1.1. The guidelines outline the basic principles of organizing and implementing serological monitoring of the state of collective immunity to infections controlled by means of specific prevention (diphtheria, tetanus, whooping cough, measles, rubella, mumps, polio, hepatitis B).

1.2. These guidelines are intended for specialists from bodies carrying out state sanitary and epidemiological supervision, and specialists from medical and preventive organizations.

2. General provisions

2.1. Conducting serological monitoring allows for a continuous process of objective assessment of the state of specific post-vaccination immunity to infectious agents controlled by means of specific prevention in “indicator” population groups and risk groups and is a mandatory element of epidemiological surveillance of diphtheria, tetanus, whooping cough, measles, rubella, mumps , polio and hepatitis B, since epidemiological well-being in relation to these infections is determined by the state of post-vaccination immunity.

2.2. The purpose of serological monitoring is to assess the level of actual protection from infections of individuals, groups and the population as a whole, as well as to assess the quality of vaccination work in a specific territory and in a specific healthcare organization.

2.3. Serological monitoring includes:

selection of “indicator” population groups, the state of specific immunity of which allows us to extrapolate the results obtained to the population of the surveyed territory as a whole;

organizing and conducting serological studies of blood sera of vaccinated people (in “indicator” population groups);

assessment of the effectiveness of immunization.

The procedure for collecting, transporting and storing blood sera for research is carried out in accordance with Appendix 1.

2.4. "Indicator" populations include individuals with a documented vaccination history. In this case, the period from the last vaccination to the examination for the presence of diphtheria and tetanus antibodies, pertussis agglutinins, antibodies to measles, rubella, mumps, polio, and hepatitis B viruses must be at least 3 months.

The introduction of “indicator” groups makes it possible to unify the forms and methods of analyzing grafting work.

2.5. The organization and conduct of serological monitoring of the state of collective immunity of the population is carried out by health care organizations and bodies carrying out state sanitary and epidemiological supervision.

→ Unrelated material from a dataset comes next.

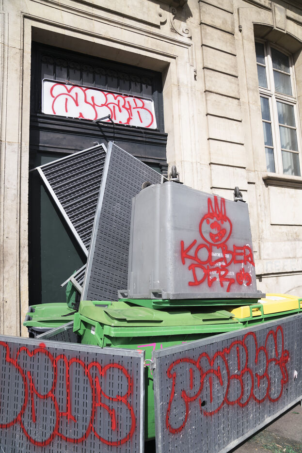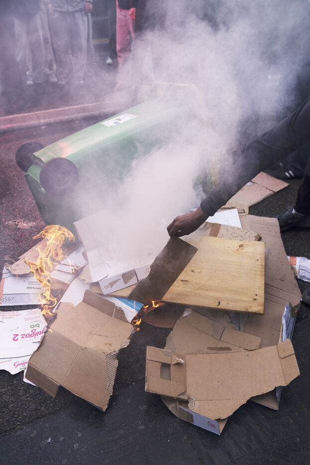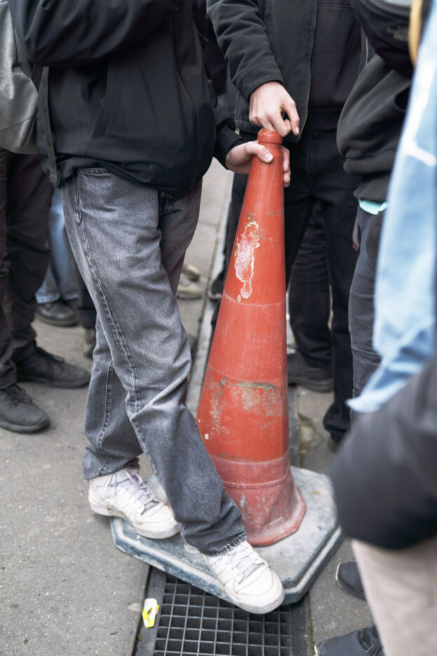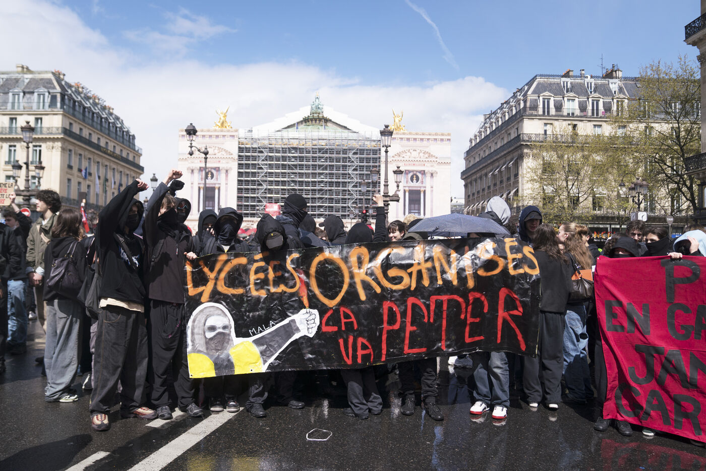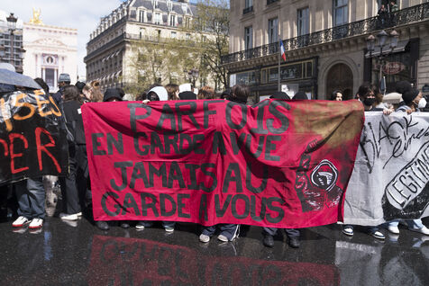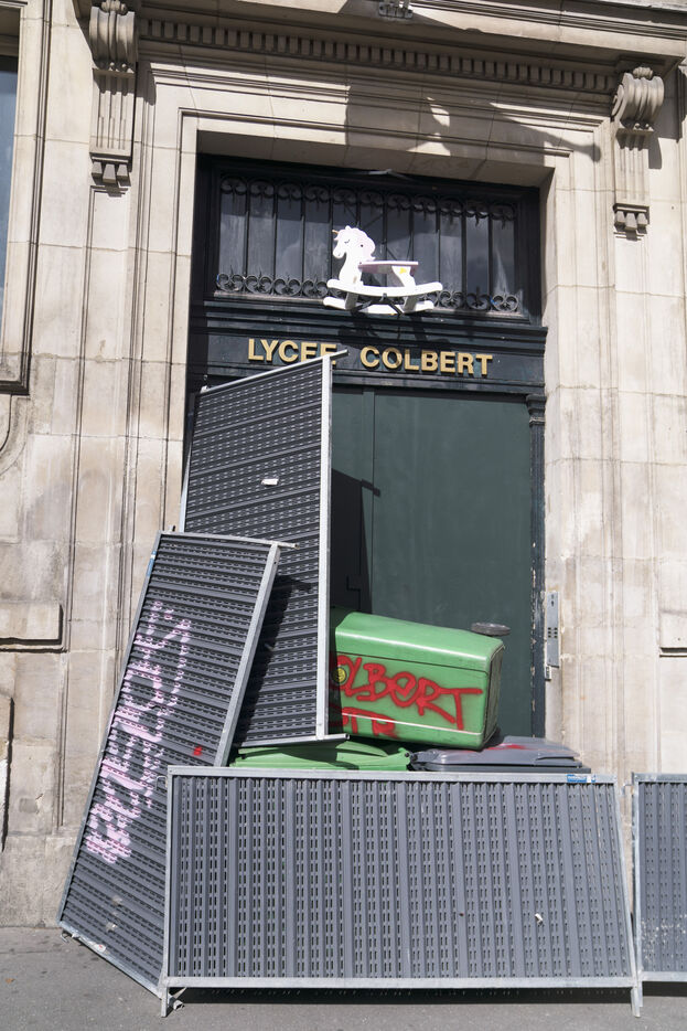 Blockade of the Lycée Colbert and demonstration of high school students for the General Strike day of April 13 against the pension reform and the 49.3. The students then joined the interprofessional demonstration starting from Place de l'Opéra, for this last day of mobilization before the decision of the Constitutional Council. Thursday, April 13, 2023.

2.6. Carrying out serological monitoring of the state of collective immunity is formalized by a resolution of the Chief State Sanitary Doctor for the constituent entity of the Russian Federation, in which, in agreement with the health authorities, the territories, time (schedule), contingents and number of population groups to be examined are determined, microbiological laboratories for conducting research are determined, and as well as persons responsible for organizing and carrying out this work.

In furtherance of the resolution of the Chief State Sanitary Doctor for the constituent entity of the Russian Federation, an order is issued by the health care management body of the constituent entity of the Russian Federation.

Conducting serological monitoring is annually included in the work plans of territorial bodies of Rospotrebnadzor and healthcare organizations.

3. Materials and methods

3.1. The material for the study is blood serum, the identified antibodies in which are a source of information about the level of immunity to infectious agents controlled by means of specific prevention.

3.2. The methods used for testing serums must be harmless, specific, sensitive, standard and accessible for mass examinations.

3.3. To conduct serological studies of blood serum in the Russian Federation, the following are used:

passive hemagglutination reaction (RPHA) - to detect antibodies to measles virus, diphtheria and tetanus toxoids;

agglutination reaction (RA) - to detect agglutinins of the pertussis microbe;

enzyme-linked immunosorbent assay (ELISA) - to detect antibodies to measles, rubella, mumps, hepatitis B viruses, as well as the causative agent of whooping cough;

reaction to neutralize the cytopathic effect of the virus in tissue cell culture (macro- and micromethod) - to detect antibodies to polio viruses.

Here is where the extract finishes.